The direction of the angular acceleration is into-page, or negative $z$ axis, or clockwise sense. The direction of tension is down when acting on the wheel and up when acting on the block.

Using the values $M = 20\text{ kg}\text{,}$ $R = 0.25\text{ m}\text{,}$ $m = 2.5\text{ kg}\text{,}$ we find the values of magnitudes to be.

\begin{equation*} \alpha = 7.85\text{ rad/s}^2,\ \ T = 19.6\text{ N}. \end{equation*}

In an Atwood machine two blocks connected by a light string hang from the two sides of a pulley without the string sliding over the pulley. Instead, the string is assumed to unwind smoothly.

Suppose the pulley is frictionless at the axle, but the mass of the pulley is not negligible compared to the masses of the blocks.

Let $M$ and $R$ be the mass and radius of the pulley, which, for purposes of moment of inertia, can be assumed to be a uniform disk, and $m_1$ and $m_2$ be the masses of the two blocks.

I would prefer you do the problem in symbols. But, if you want numbers, use the following:

\begin{equation*} M = 20\text{ kg}, m_1 = 10\text{ kg}, m_2 = 5\text{ kg}, R = 0.25\text{ m}. \end{equation*}

(a) Find the following five quantities:

1. Tension in the string on the the side of the pulley that has block 1,
2. Tension in the string on the the side of the pulley that has block 2,
3. Acceleration of block 1,
4. Acceleration of block 2, and
5. Angular acceleration of the pulley.

(b) What happens to the tensions if mass of the pulley is negligible, i.e., $M = 0\text{?}$

Hint

(a) Set up three equations - one for $m_1\text{,}$ another for $m_2$ and the third for pulley, and use the constraint $a = R\alpha\text{.}$ (b) If you do the problem in symbols, you can just set $M=0\text{.}$

(a) $a = \dfrac{2(m_1 - m_2)\, g}{2m_1 + 2m_2 + M}\text{,}$ $\alpha = a /R \text{,}$ $T_1 = \left( \dfrac{4m_2 + M}{2m_1 + 2 m_2 + M} \right)\, m_1 g\text{,}$ $T_2 = \left( \dfrac{4m_1 + M}{2m_1 + 2 m_2 + M} \right)\, m_2 g\text{.}$ Numerical: $a = 1.98\text{ m/s}^2,$ $\alpha = 7.85\text{ rad/s}^2,$ $T_1 = 78.5\text{ N},$ $T_2 = 58.9\text{ N}.$ (b) They become equal in magnitude.

Solution 1 (a)

We have solved a similar problem before by assuming that the pulley was massless and frictionless. These assumptions about the pulley let us assert that the tensions on the two sides had the same magnitude. Here, we cannot make this assumption. We will see below that the equation of rotation of the pulley will become inconsistent if we assume that the tensions on the two sides have the same magnitude.

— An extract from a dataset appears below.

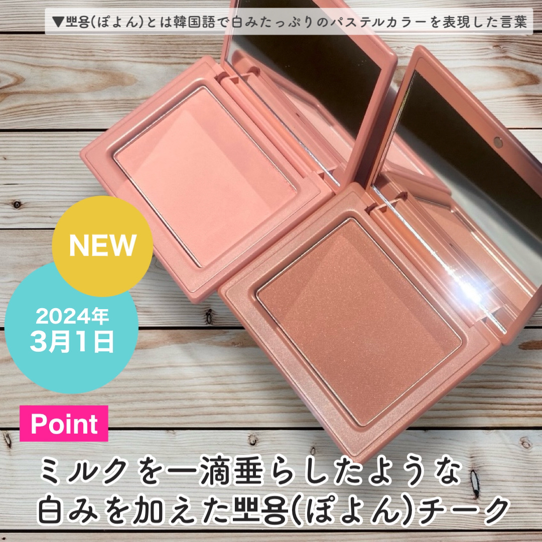 - 柔らかいベルベットパウダーがムラなく密着し、 くすみにくく明るい印象が続くブラーリングチークです。

Let $T_1$ and $T_2$ be the magnitudes of the tension force on the two sides of the pulley.

The motion of the blocks are connected by the unchanging length of the string. This makes the magnitude of their accelrations equal. Thus, we use same symbol $a$ for the magnitude of their accelerations. That is,

\begin{equation*} a_1 = a = a_2.\ \ \ (\text{magnitudes, only}) \end{equation*}

Since the string going over the pulley is not slipping, the length by which the string will unwind, i.e., the distance either of the blocks moves, is related to the angular displacement of the pulley by the arc-radius-angle relation. This gives the following relation between the magnitude of the angular acceleration, $\alpha$ and the magnitude of the acceleration, $a \text{,}$ of the blocks.

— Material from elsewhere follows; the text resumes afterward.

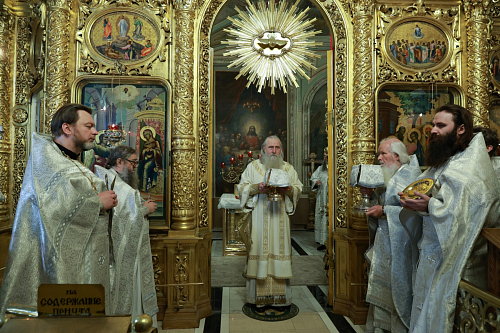 Богослужебные песнопения исполнил хор Донского ставропигиального монастыря.

$$a = R\,\alpha.\label{eq-atwood-machine-a-R-alpha}\tag{9.9.5}$$

Now, we set up free-body diagrams for the two blocks to write their $\vec F = m\vec a\text{.}$ For concreteness, let us assume that the acceleration of block 1 is pointed down, which will autimatically make the acceleration of block 2 up.

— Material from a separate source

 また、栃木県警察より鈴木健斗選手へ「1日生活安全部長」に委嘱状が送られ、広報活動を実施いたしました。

Using the free-body diagrams we will get the following two equations.

\begin{align} \amp m_1 g - T_1 = m_1 a, \label{eq-atwood-machine-m1g-T1-m1a}\tag{9.9.6}\\ \amp T_2 - m_2 g = m_2 a. \label{eq-atwood-machine-m2g-T2-m2a}\tag{9.9.7} \end{align}

Let positive $z$ axis be pointed out-of-page. Then, the torque by force $\vec T_1$ is pointed in the positive $z$ direction and that by $\vec T_2$ is pointed in the negative $z$ direction. Therefore, they will oppose each other. The lines of other forces on the pulley, such as gravity and normal, pass though the axis, so they do not contribute to the net torque. Thus, we get the following equation for the rotational motion of the pulley.

\begin{equation*} RT_1 - RT_2 = \left( \dfrac{1}{2} MR^2\right)\, \alpha, \end{equation*}

which we can simplify by replacing $\alpha = a/R$ to the following.

$$T_1 - T_2 = \dfrac{1}{2} Ma.\label{eq-atwood-machine-T1-T2-half-Ma}\tag{9.9.8}$$

Adding equations (9.9.6), (9.9.7), and (9.9.8), we get the following after some simplification.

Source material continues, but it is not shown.